TRUE-TERNARY-REFACTOR11

Date: 2026-05-19

Scope

Final readiness pass for the platform-style ARB tree:

Hit the exact 1.5B logical ternary weight target.
Keep imported DINOv2/Moonshine sidecars frozen and int8-quantized.
Make graph/VQ/MoE wiring consistent with the current config.
Repair strict ternary training, standalone modality training, and LoRA finetuning entrypoints.
Verify CUDA kernel paths and smoke-test training without restoring hidden FP master weights.

Architecture Changes

CODEBOOK_SIZE is now 34108.
MOE_SHARED_INTER is now 21216.
Full multimodal ARB audit now lands at exactly 1,500,000,000 logical ternary weights.
The exact count includes MoE shared-width RMS ternary state; the final VQ codebook size compensates for that extra per-width ternary state.
ARBModel now wires graph vocab size from MultimodalVQBridge.total_codebook_size instead of the old hardcoded 16384.
MemGram and ConvVQ now use config constants instead of duplicated literals.
Supervised calls with targets always use ByteHead, even under model.eval(), so eval loss cannot accidentally route into video/audio heads.

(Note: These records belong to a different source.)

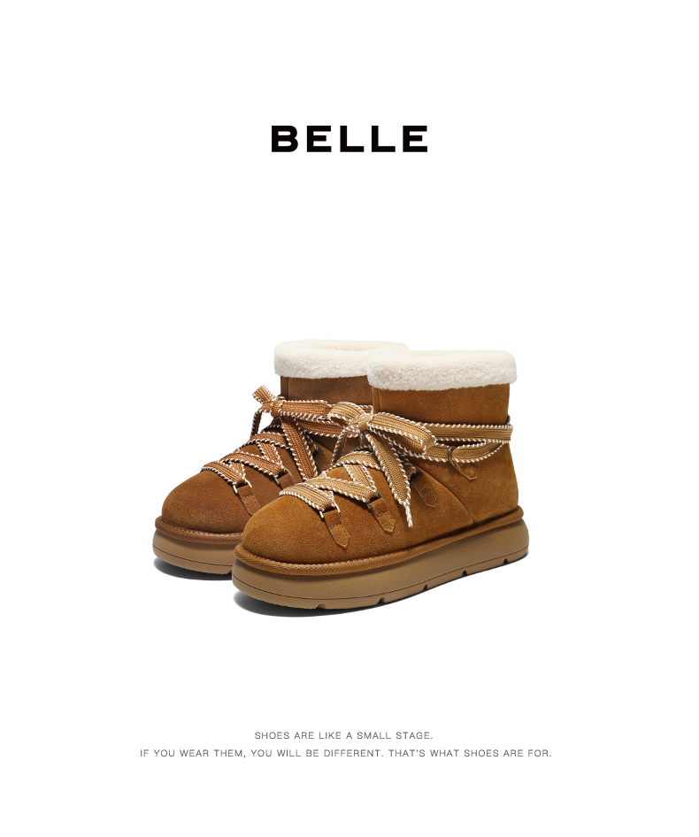 • 百丽复古时尚鞋面绑带雪地靴女2025冬新舒适保暖休闲短靴B2949DD5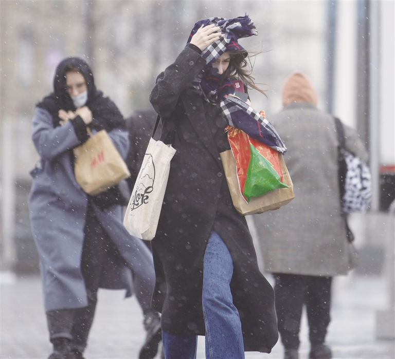 人们顶风走在伊斯坦布尔的塔克西姆广场。土耳其伊斯坦布尔省政府11月29日说,该国最大城市伊斯坦布尔当天的强风天气已造成4人死亡,其中包括1名外国人。摄影/新华社记者 沙达提
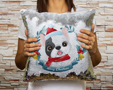Delight in the festive charm of our Merry Pied Black and White Frenchie Christmas Sequinned Pillowcases.
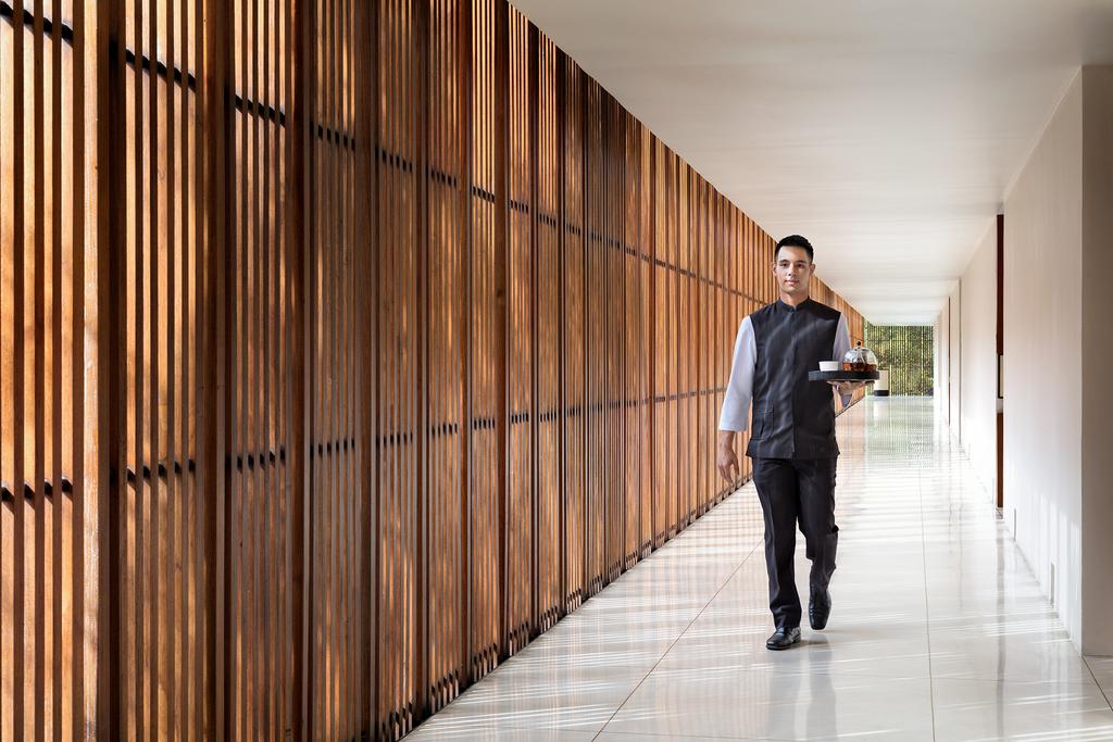 The 84 rooms and suites extend the resort’s architectural language of calm. Floor-to-ceiling windows dissolve the boundary between inside and out, opening to vistas of river or garden. Interiors are grounded in **natural materials—polished teak, silk textiles, woven bamboo, and handmade ceramics—**all rendered in a restrained palette of stone, sand, and wood. Each space invites stillness. There are no visual intrusions, only light, texture, and the sound of water.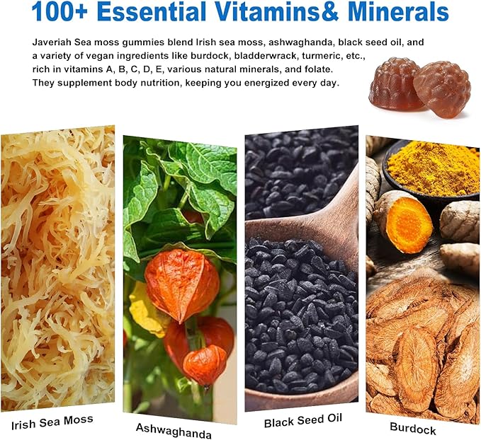 - Digestive & Skin Health : Rooted in constant innovation, Javeriah sea moss gummies contain black seed oil, bladderwrack Vitamin C, Vitamin D, Burdock and Ashwagandha which work synergistically to support the health and vitality of skin, digestive and cell Repair.

Kernel And Runtime Changes

Large TernaryGraph instances now use an active-code path when total_vocab_size > 4096.
This avoids projecting every VQ codebook node on each forward. The full graph still keeps the existing Triton aggregate/gather kernels for small/full graph tests.
The 32-expert/top-4 MoE now disables dense all-expert dispatch (dense_dispatch_max_tokens=0) because the dense path is too expensive at 1.5B scale.
TernaryScaleTensor.forward() now forces a detached CUDA input to require grad while grad mode is active. This lets ternary weights after frozen sidecars train correctly.
VideoHead initial latent now requires grad in training so cross_attn_q can receive ternary gradient signals.
TalkerHead.token_logits() was added so audio training can use cross entropy on logits instead of non-differentiable argmax tokens.

Training Fixes

Replaced stale arbitor/train.py with a current ARB trainer:
- strict ternary updates by default,
- no bitsandbytes dependency,
- correct trigram target alignment (x[:, 3:]),
- optional --no-save for smoke tests,
- explicit sidecar/modal flags,
- no optimizer when there are no trainable float params.
training/text.py now always runs ternary state updates after backward.
training/audio.py now trains AudioSequencer -> TalkerHead.token_logits() against AudioVQEncoder targets.
training/vision.py now uses VQ commitment to train image-side ternary projection state and avoids building the full MoE when it is not used.
training/diffusion.py now feeds relational tokens directly into VideoHead and avoids the unused full MoE.
LoRA finetuners now create checkpoint directories, use trigram-aligned targets, expose --max-moe-iters, and default to 1 iteration for local 8GB runs.
Audio input normalization now accepts [T], [B, T], and [B, 1, T].

Verification

Passed:

python -m compileall -q arbitor training testing/model/test_arb.py testing/test_tscale.py
python -m pytest -q testing/test_tscale.py -k "cuda_triton_correctness_update_E or cuda_triton_tscale_path"
Custom CUDA kernel smoke for graph aggregate, graph gather/add, MoE dense combine, and video denoise.
Full multimodal audit:
- logical ternary weights: 1,500,000,000
- ternary training state: 1956.05 MB
- trainable float params: 0
- frozen sidecar params: 318.80 MB
- graph vocab: 58684
- DINOv2 int8: True
- Moonshine int8: True
Active graph CUDA train smoke passed with VQ+graph and no MoE.
arbitor.train strict ternary CUDA smoke passed with 1.5B MoE path.
Standalone modality smokes passed:
- training/audio.py --steps 1 --batch 1
- training/vision.py --steps 1 --batch 1
- training/diffusion.py --steps 1 --batch 1
LoRA text finetune smoke passed:
- training/finetuning/text.py --steps 1 --batch 1 --accum 1 --ctx 4 --lora-rank 1 --max-moe-iters 1
pig-vae load now passes after installing diffusers into the user site.
The local .safetensors checkpoint must load through AutoencoderKLWan.from_single_file; direct load_state_dict(strict=False) had 194 missing and 194 unexpected keys and was silently leaving random VAE weights.
pig-vae int8 load smoke:
- inner module: AutoencoderKLWan
- quantized int8: True
- trainable float params: 0
pig-vae encode/decode smoke:
- input video: [1, 3, 4, 64, 64]
- latents: [1, 16, 1, 8, 8]
- reconstruction: [1, 3, 1, 64, 64]

Remaining Constraints

Full 1.5B MoE training is functionally correct but still slow on the RTX 4060 class GPU. One strict smoke step with MoE took about 77 seconds after the sparse-dispatch change.
The active graph path is the practical path for the 58k VQ vocabulary. A future native CUDA graph kernel should fuse active-node projection, neighbor selection, hop update, and pooling.
LoRA finetuning uses float adapter parameters by design; strict base ternary state remains frozen in that path.
Diffusers emits a non-fatal warning about missing torchao tensor support in this environment. The local safetensors pig-vae checkpoint loaded and ran without torchao.
pyproject.toml now requires diffusers>=0.38.0 for the diffusers and video extras because older versions may not expose AutoencoderKLWan.